Baby Mozart DVD - Brian and Sophie gave this to us for Christmas when I was still pregnant. Even from about 3 months, this DVD would calm Athena almost immediately. Since then, we have purchased an entire library of the things. They are like candy for babies. She still loves them.

Step and Play Piano - Chris' sister Nicky bought this for Athena when she was still little more than a lump in my arms. She began playing with it at about five months of age, and she still loves to go over and stomp on the keys. It converted easily from a walker-type toy to a play center.

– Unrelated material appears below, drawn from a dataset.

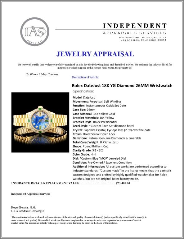 Regarding Appraised Jewelry and Loose Stones - Auctionfarm sends them out to a third party for Retail Replacement Value Appraisals, which are the most common. These types of evaluations are written for insurance needs. This would be the cost to replace the jewelry with an item of equal quality and kind, considered to be the current market price or the replacement value. This type of appraisal is done to protect you in the event of damage or loss of a valuable item. Our appraisals are conducted by independent 3rd Party appraisal firms that utilizes Certified GIA Gemologist. Appraisals should be used for verification of gemstone and/or metal weight, size, and grade only, not actual value. Appraisal value should be considered for insurance purposes only, not actual value, as price varies greatly from retail locations thru out the world. Items should not be purchased with the expectation to resell for appraisal price, or for profit.
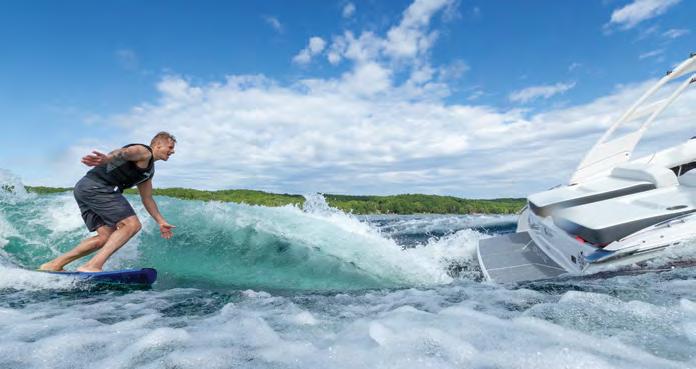 Nothing beats the summer tradition of loading the boat with boards of all shapes and sizes and spending the day towing squealing kids around the lake! Our feature this month, “The Right Wake” (p. 38), brought back many memories of waking up early to hit the lake while it was flat as a pancake and trying (and usually failing) to get up on a wakeboard or waterski. Let’s be honest, I was always more adept at the art of tubing. We’ve come a long way in terms of towsports since I was a kid (e.g. wakesurfing and wake foiling), but the one fact that remains is that different towsports require different wakes. Contributor Zenon Bilas walks us through how to find the perfect wake for your chosen towsport.

Bath cups - Kim R. gave me these at my baby shower. They were an item I registered for because I was told I would appreciate having them instead of using glasses/cups from the kitchen. They go EVERYWHERE with us. They've been to Virginia, Bald Head Island, Austin, San Francisco, and most recently, the Caribbean. We even move them between bathrooms, as Athena also likes to use them in the shower. I use them to wash her hair, and she loves to play with them. I would have never guessed such a basic gift would get so much use.

Bathtub play mat - Chris' sister Lisa sent this to Athena for her birthday. It has little waterproof pieces that she can take out and move around and tuck back into the little pockets. She adores this mat. And now that she says some words, she can identify the bird and the bee and the flowers on the mat.

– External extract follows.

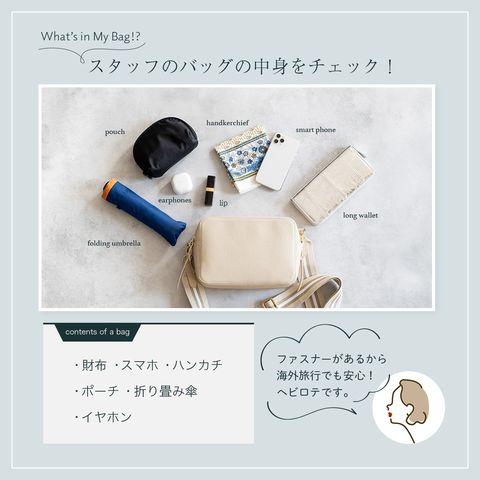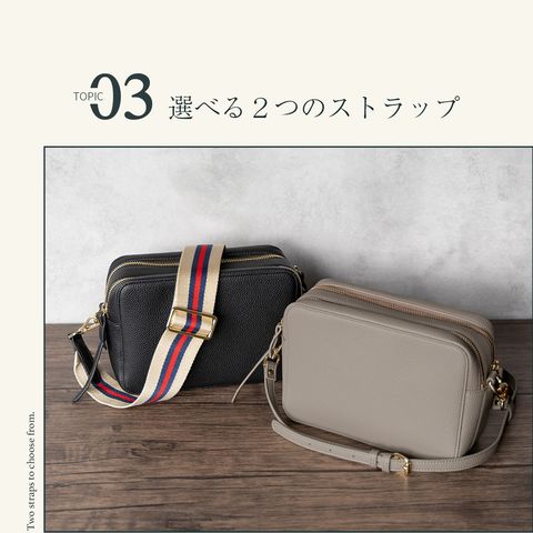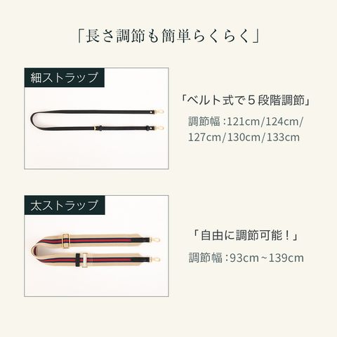 ストラップチェンジ+長さ調節で、まるで別のバッグのように雰囲気が変わります。

"The patchwork dress" - Unfortunately, kids grow out of clothes. We have had MANY outfits that we just love, but this dress was my favorite. She wore it for the last time for Pirate Night on the cruise. I loved it because it snapped all the way up the back. It was so easy to get her in and out of it and she looked unforgivably cute in it. This was a gift from Chris' uncle Rick and his girlfriend Judy (who we call Aunt Judy just because it's easier.) :-) They gave it to us just before I delivered, and although it was an 18 month size, she was able to wear it from about her first birthday through to November.

So that hits the highlights. We received hundreds of things... literally, so I don't intend to bore you with stories about all of them (I could do it... trust me). But like I said, if you wonder about something you gave us... just ask me. :-)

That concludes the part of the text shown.